How to Rent Out Your House and Buy Another One

Every entrepreneur should at some point consider investing in rental property. The good news is that if you’re already a homeowner, you could start your investment without putting in another cent.

Before you get started, take a look at these seven tips for buying a new home while renting out your house.

Repairs and Renovations

Before listing your home for sale or starting the hunt for a new house, you’ll want to do a thorough examination of your house for any repairs or renovations that need to be made.

Major repairs, such as roof replacements, will impact your overall budget. It can also increase the rental price, giving you a higher return.

Consider Landlord Responsibilities

This is an important factor when considering renting your house. Becoming a landlord comes with a unique set of responsibilities. You’ll need to address regular maintenance, collect monthly rent, and handle the legal aspects, such as lease agreements or possible evictions.

Many of these can be addressed by hiring a property management company. Extra costs, such as regular repairs or even landscaping, will more than likely fall onto your shoulders.

Finding the Right Lender

If you intend on buying another house while renting your current home, you may come across issues when finding a lender. As a first-time landlord, lenders need to be able to determine if you are a risk and have the financial stability to maintain two mortgages.

Other types of loans, such as VA loans, require you to make your first property your primary residence for at least a year. Otherwise, you may incur additional interest or be declined altogether.

Rental Appraisal

Investing in rental property will require you to complete a rental appraisal. This is similar to a house appraisal, only they’ll be analyzing the value of the property for rental purposes.

You’ll need to request a Single-Family Comparable Rent Schedule Fannie Mae Form 1007. This appraisal will give you an idea of how much you can charge for monthly rent.

Get Your Financials In Order

For you to be approved for your loan, you’ll need to have all of your financials in order. For one single-family home, you’ll need to have at least 2% of the unpaid balance either in a bank account or an investment account.

Note that this doesn’t include the amount you intend to finance for the new property. This is only for your first mortgage.

Say, for instance, you owe another $200,000 for your current home you intend to rent. The lender will require that you have at least $4,000 in reserves, plus a completed 1007 form so they know how much rent will be coming in monthly.

Learn About the Rental Market

You’ll need to do your research in learning about the market in the area in which the home you intend to rent resides.

First, it’s important to understand how much rent you could obtain each month. Compare similar homes with the same amount of upgrades or lack of which have been made.

You’ll also need to know about the demographics to see the types of individuals or families that will be renting to determine income levels. Certain tax laws per county, city, or state will also need to be followed based upon the rental market in your area.

Affording Vacancies

There may be certain times throughout your rental experience when you end up with a vacancy. You’ll need to create a detailed budget to ensure that you can afford to have your property listed for an extended period before purchasing a house.

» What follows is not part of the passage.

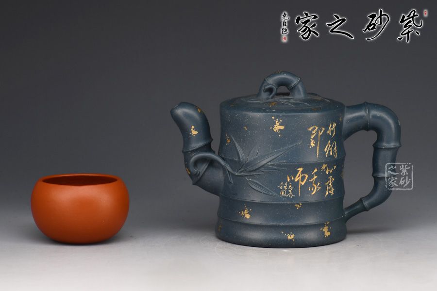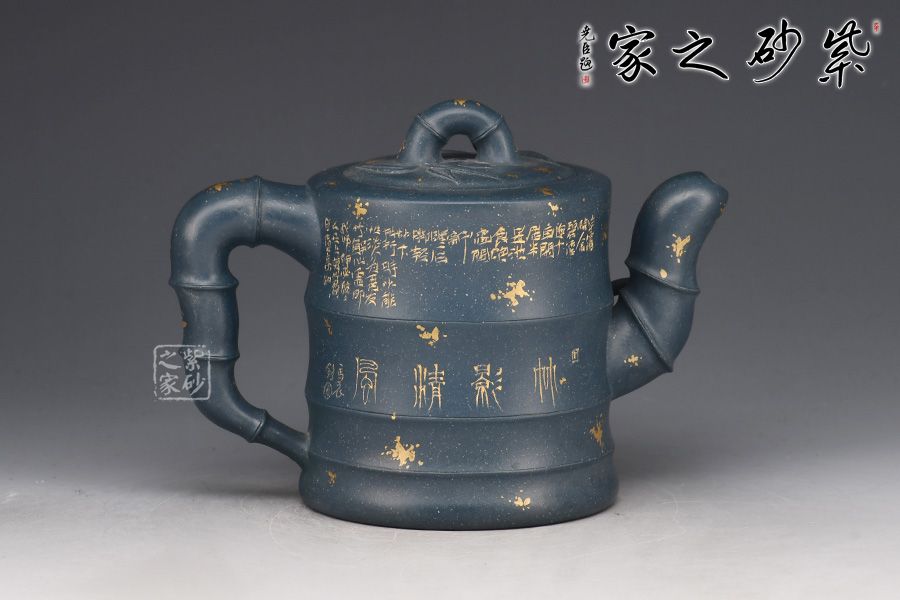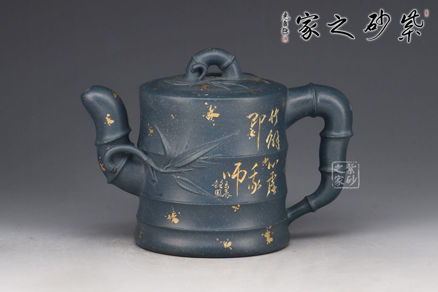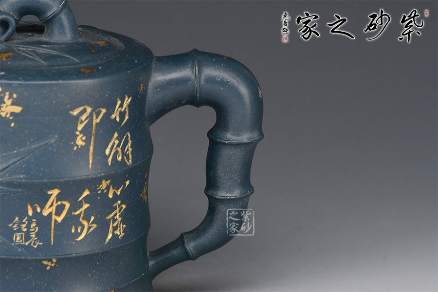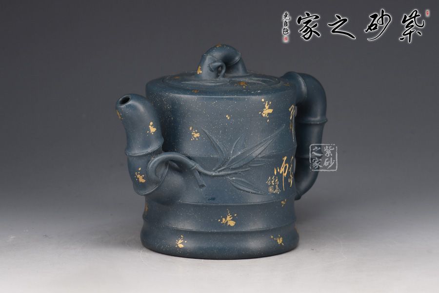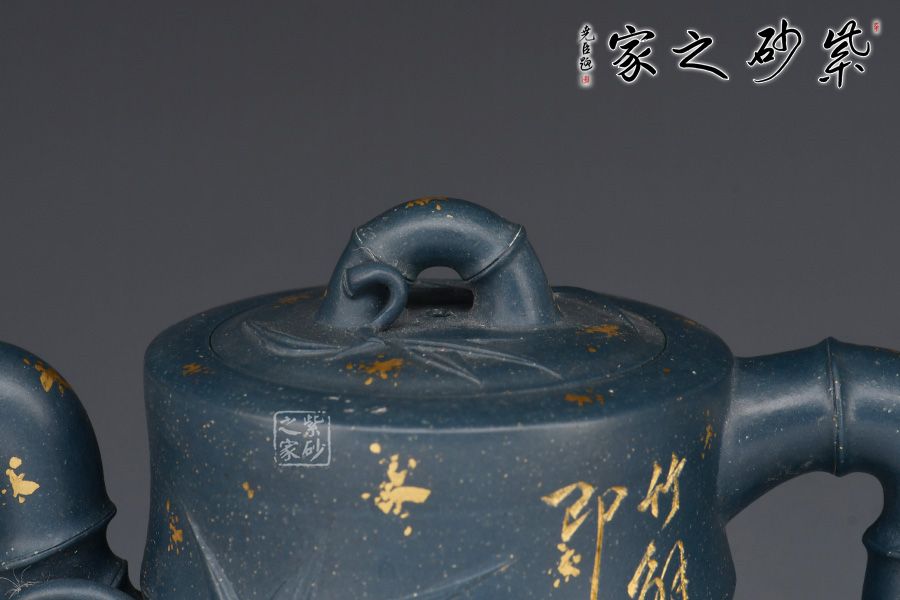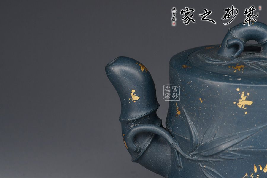 此款《竹報平安》壺,采用蘇門答臘青泥料制成,泥色典雅。壺體簡潔端莊,大方爽利??v觀此壺,壺身、壺嘴、壺流以及壺把,皆為竹節(jié)裝飾,壺身和壺蓋處的貼花體現(xiàn)作者深厚的制壺功底。壺身的撒金工藝加刻繪,為此壺錦上添花,更顯氣韻充沛。

While the current rental market is booming, it doesn’t necessarily mean your neighborhood and price point will be encouraging to renters in your area. Having extra funds available for months at a time to pay for two mortgages is essential so you don’t find yourself in financial trouble.

Summary

Renting your house while buying another may be a lucrative opportunity for a first-time real estate investor. Aside from initial repairs and renovations, you may not need to put down a substantial amount of money before making passive income.

Start doing your research in your area early on. Compare your home to others in the neighborhood that are currently for rent. Learn about the various landlord and tenant laws for your city. Most importantly, get your finances in order before making any type of additional investment in a second property.